Zach Kline is a Canadian football quarterback who is currently a free agent. He played at the University of California, Berkeley, Butte College, Indiana State University, returned to the University of California, Berkeley, and as a graduate transfer at Fresno State.

Kline was nationally ranked as the number 2 pro-style quarterback in the 2012 high school class. Kline committed to play for Jeff Tedford at the University of California, Berkeley, where he enrolled early at the start of 2012. Kline redshirted during the 2012 season, after which Jeff Tedford was fired. Kline lost the ensuing quarterback competition to Jared Goff under new Cal head coach Sonny Dykes. After Cal went 1–11 during the 2013 season, Kline elected to transfer.

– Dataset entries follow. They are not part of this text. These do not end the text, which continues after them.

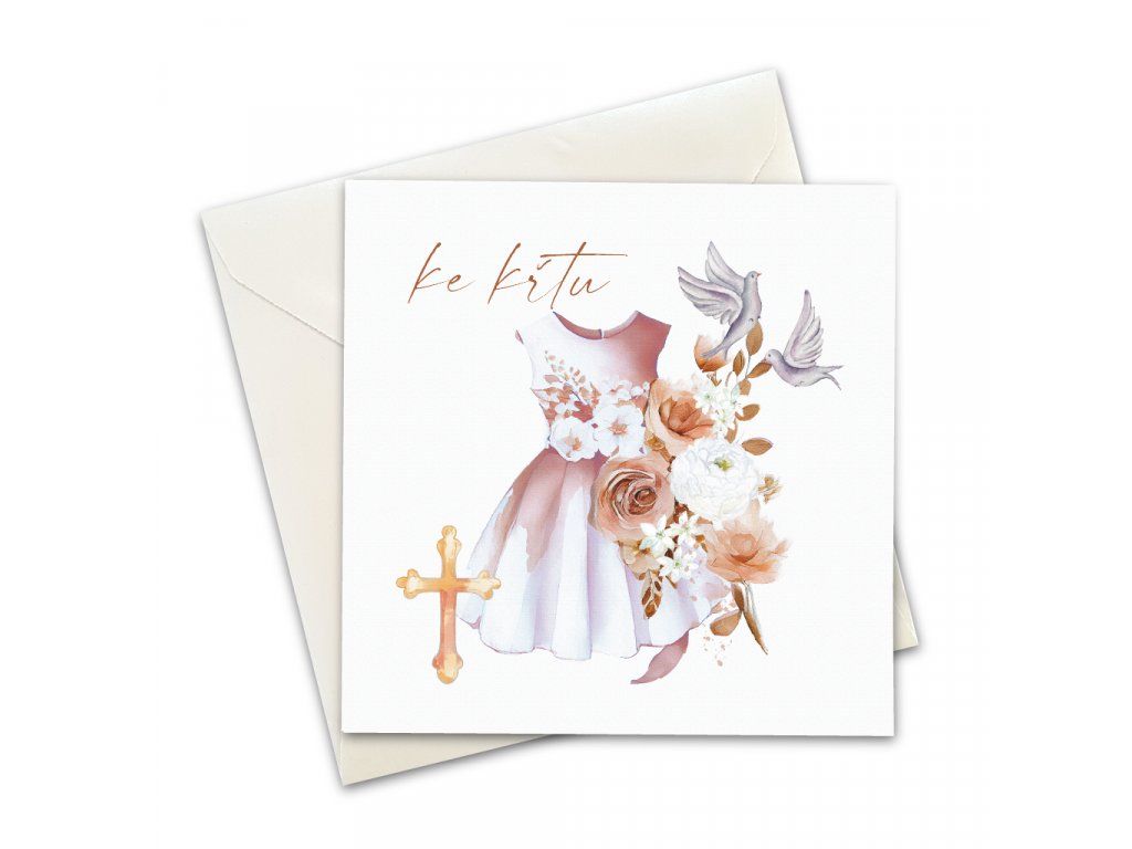 Přáníčko ke křtinám holčičky má čtvercový formát 14,5 × 14,5 cm a jsou vyrobena z kvalitního papíru o gramáži 250 g.
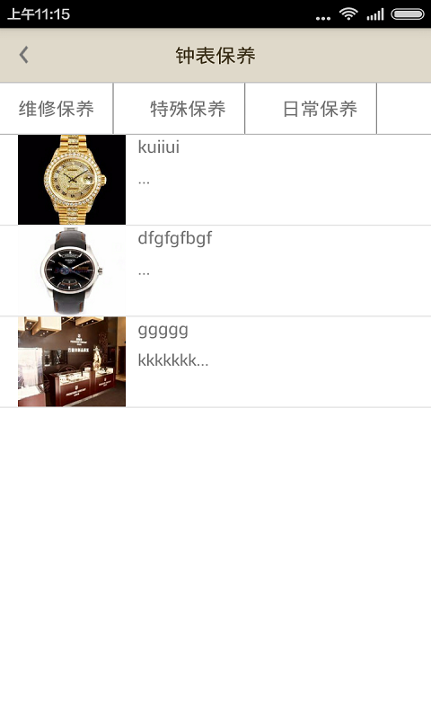 软件用途:关于手表和钟表的一个电商综合平台。既有销售也有维修服务。
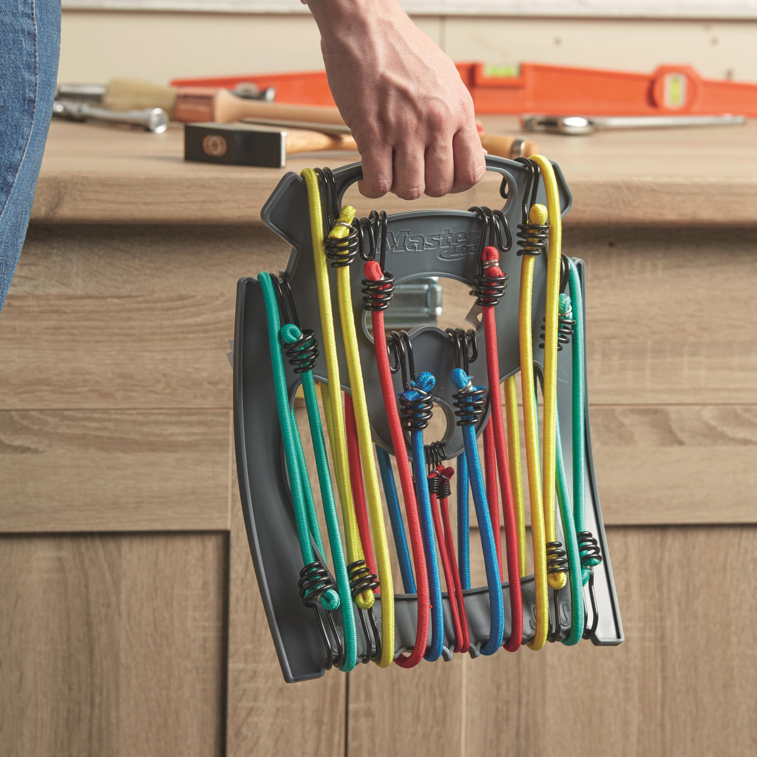 Ce set comprend 10 tendeurs avec crochets double fil pour une résistance supérieure. Le design avec des crochets inversés sur le tendeur permet d'avoir un espace d'accrochage plus large. Le bout des crochets est arrondi pour prévenir les risques de rayures. Un cadre avec poignée intégrée est inclus pour un stockage, une organisation et un transport pratiques. Les tendeurs peuvent sécuriser des charges jusqu'à 40 kg, ils sont étirables de 25 cm à 37 cm, de 45 cm à 80 cm, de 60 cm à 90 cm, de 80 cm à 120 cm, de 100 cm à 150 cm.
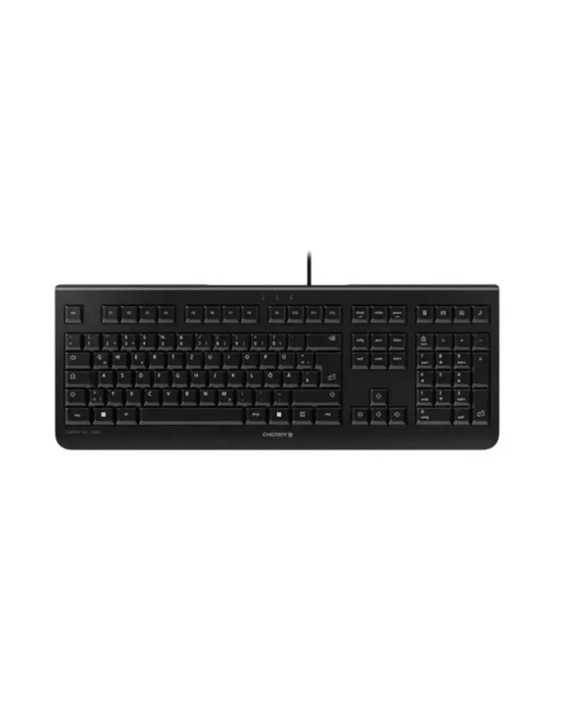 Características del Teclado Cherry KC 1000 USB QWERTY Portugués NegroEl Cherry KC 1000 es un teclado alámbrico diseñado para ofrecer precisión, durabilidad y comodidad en entornos profesionales y de uso intensivo. Su formato completo, junto con una construcción robusta y una experiencia de escritura optimizada, lo convierten en una solución fiable para oficinas, desarrolladores y usuarios que buscan rendimiento constante en su día a día.Diseño resistente para uso profesionalFabricado con materiales de calidad, este teclado garantiza una larga vida útil y un funcionamiento estable incluso bajo uso intensivo. Su estructura en ABS y teclas duraderas lo hacen ideal para entornos de trabajo exigentes.Material de las teclas: ABS (alta resistencia)Vida útil: hasta 10 millones de pulsacionesDiseño robusto orientado a oficinaEscritura cómoda y precisaGracias a su recorrido de tecla optimizado, el Cherry KC 1000 ofrece una respuesta táctil uniforme y confortable, perfecta para largas jornadas de trabajo. Su distribución QWERTY en portugués asegura adaptación inmediata para usuarios de este idioma.Recorrido de teclas de 2,8 mmFormato completo con teclado numéricoDistribución QWERTY portuguésConectividad fiable y sin complicacionesLa conexión USB alámbrica garantiza una transmisión estable sin latencias ni interferencias. Además, su sistema plug and play permite comenzar a usarlo de inmediato, sin necesidad de configuraciones adicionales.Interfaz USB tipo AFunción plug and playCompatible con Windows 7, 8, 10 y 11Funciones prácticas para mayor productividadIncorpora teclas de acceso rápido y funciones multimedia que facilitan el uso diario, mejorando la eficiencia en tareas ofimáticas y gestión de contenidos.4 teclas de acceso rápidoFunciones multimedia integradasAccesos directos a funciones de WindowsDiseño funcional y conectividad cómodaSu cable de 1,8 metros proporciona flexibilidad en la instalación, adaptándose fácilmente a cualquier espacio de trabajo. Su diseño ligero y compacto permite integrarlo sin esfuerzo en cualquier escritorio.Longitud de cable: 1,8 mDimensiones: 458 x 170 x 20 mmPeso: 530 gColor: negroOtras especificacionesTipo: teclado alámbricoRetroiluminación: noCertificaciones: BSMI, CE, China RoHS, FCC, GS mark, RCM, UKCA

Despite brief news of Kline transferring to Oregon State, an internal Pac-12 transfer blocked by Sonny Dykes, Kline enrolled in Oroville's Butte College for the 2014 season.

After the 2014 season at Butte College, Kline transferred to Div 1 FCS Indiana State University, where he was backup quarterback for the 2015 season; he appeared in 3 games. Following the 2015 season, Kline returned to the University of California Berkeley in pursuit of his degree. Following the departure of offensive coordinator Tony Franklin, Kline rejoined the Cal Football Team for 2016 spring practices.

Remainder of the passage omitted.